### SUPPLIED DATA
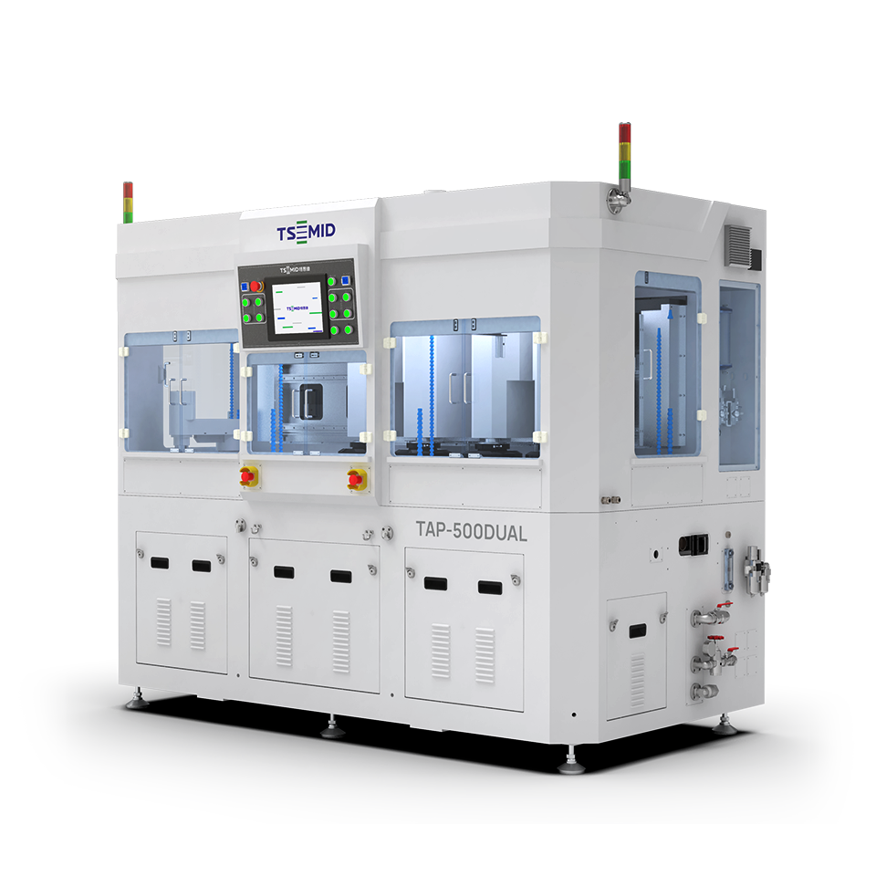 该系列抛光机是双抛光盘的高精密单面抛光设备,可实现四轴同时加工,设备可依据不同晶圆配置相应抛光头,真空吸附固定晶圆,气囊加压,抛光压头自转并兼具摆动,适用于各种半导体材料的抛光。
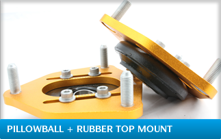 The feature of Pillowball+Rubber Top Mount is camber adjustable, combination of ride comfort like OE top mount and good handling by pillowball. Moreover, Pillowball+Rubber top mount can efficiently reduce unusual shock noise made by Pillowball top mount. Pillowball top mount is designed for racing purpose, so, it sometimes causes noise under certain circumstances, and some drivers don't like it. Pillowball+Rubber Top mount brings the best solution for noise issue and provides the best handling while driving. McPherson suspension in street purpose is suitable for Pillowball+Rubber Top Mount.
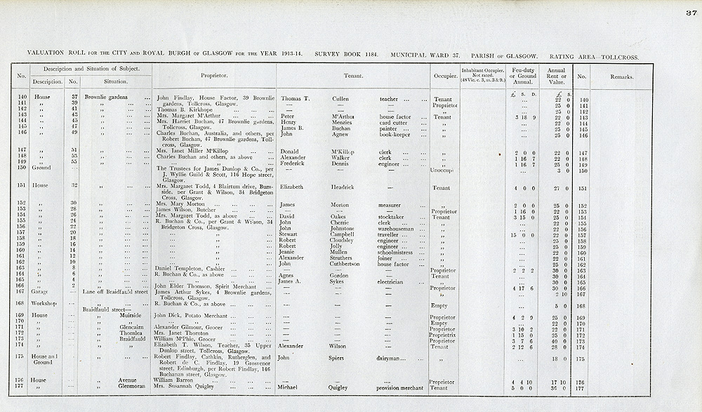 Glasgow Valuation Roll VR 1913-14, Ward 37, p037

--

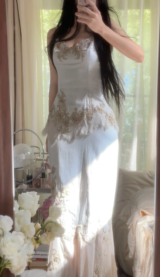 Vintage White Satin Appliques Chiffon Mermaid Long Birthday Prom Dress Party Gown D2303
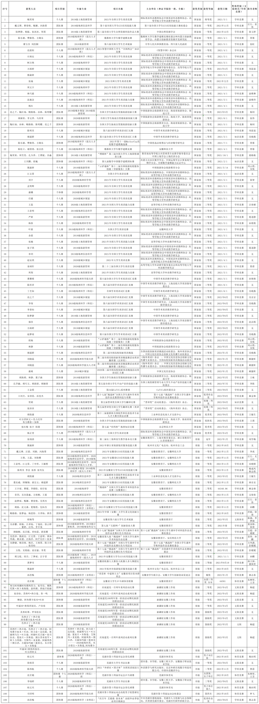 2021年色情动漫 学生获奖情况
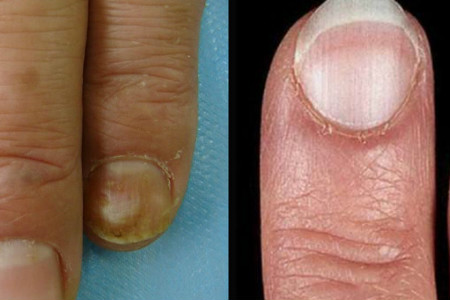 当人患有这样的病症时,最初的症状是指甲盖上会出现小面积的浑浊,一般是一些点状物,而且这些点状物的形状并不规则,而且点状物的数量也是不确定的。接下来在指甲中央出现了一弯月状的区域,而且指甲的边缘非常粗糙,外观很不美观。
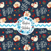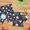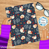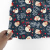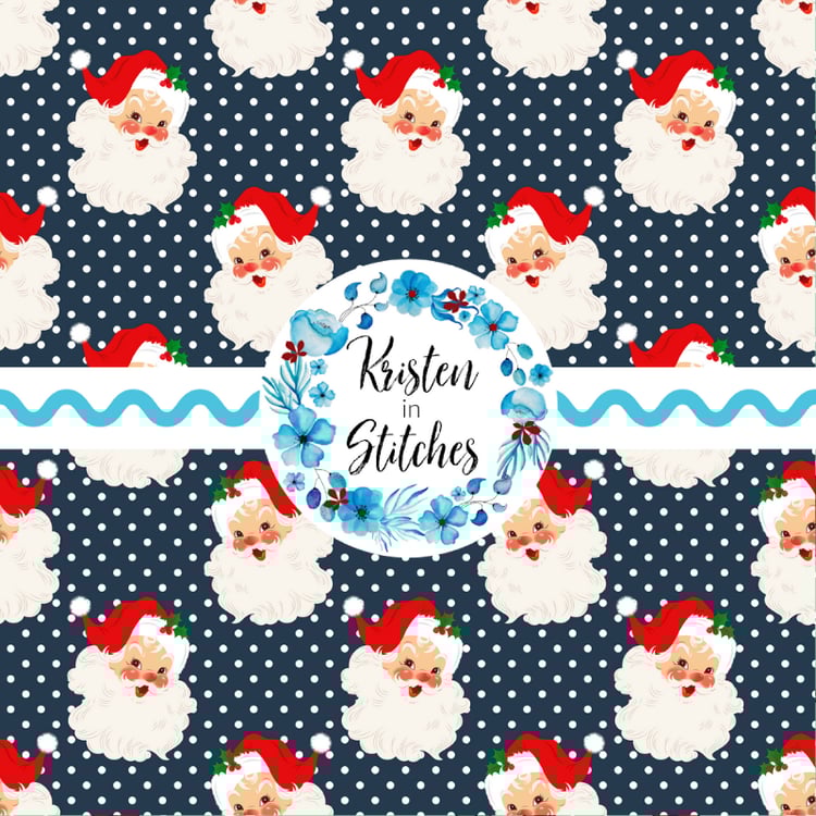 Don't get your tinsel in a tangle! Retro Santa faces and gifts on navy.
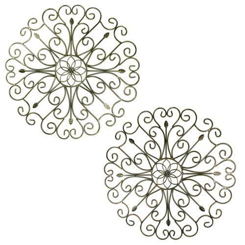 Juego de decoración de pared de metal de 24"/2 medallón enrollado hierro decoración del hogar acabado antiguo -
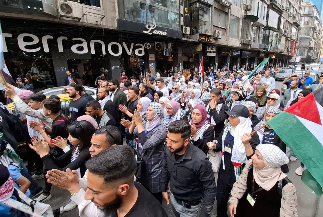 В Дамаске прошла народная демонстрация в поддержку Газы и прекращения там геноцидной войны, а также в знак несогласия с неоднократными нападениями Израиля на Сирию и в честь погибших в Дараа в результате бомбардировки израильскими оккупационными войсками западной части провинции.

### TASK DIRECTIONS
Those lines of the records above that run from the one containing "该系列抛光机是双抛光盘的高精" through the one containing "Glasgow Valuation Roll" should be returned exactly, with no pictures among them.

### EXERCISE RESPONSE
 该系列抛光机是双抛光盘的高精密单面抛光设备,可实现四轴同时加工,设备可依据不同晶圆配置相应抛光头,真空吸附固定晶圆,气囊加压,抛光压头自转并兼具摆动,适用于各种半导体材料的抛光。
 The feature of Pillowball+Rubber Top Mount is camber adjustable, combination of ride comfort like OE top mount and good handling by pillowball. Moreover, Pillowball+Rubber top mount can efficiently reduce unusual shock noise made by Pillowball top mount. Pillowball top mount is designed for racing purpose, so, it sometimes causes noise under certain circumstances, and some drivers don't like it. Pillowball+Rubber Top mount brings the best solution for noise issue and provides the best handling while driving. McPherson suspension in street purpose is suitable for Pillowball+Rubber Top Mount.
 Glasgow Valuation Roll VR 1913-14, Ward 37, p037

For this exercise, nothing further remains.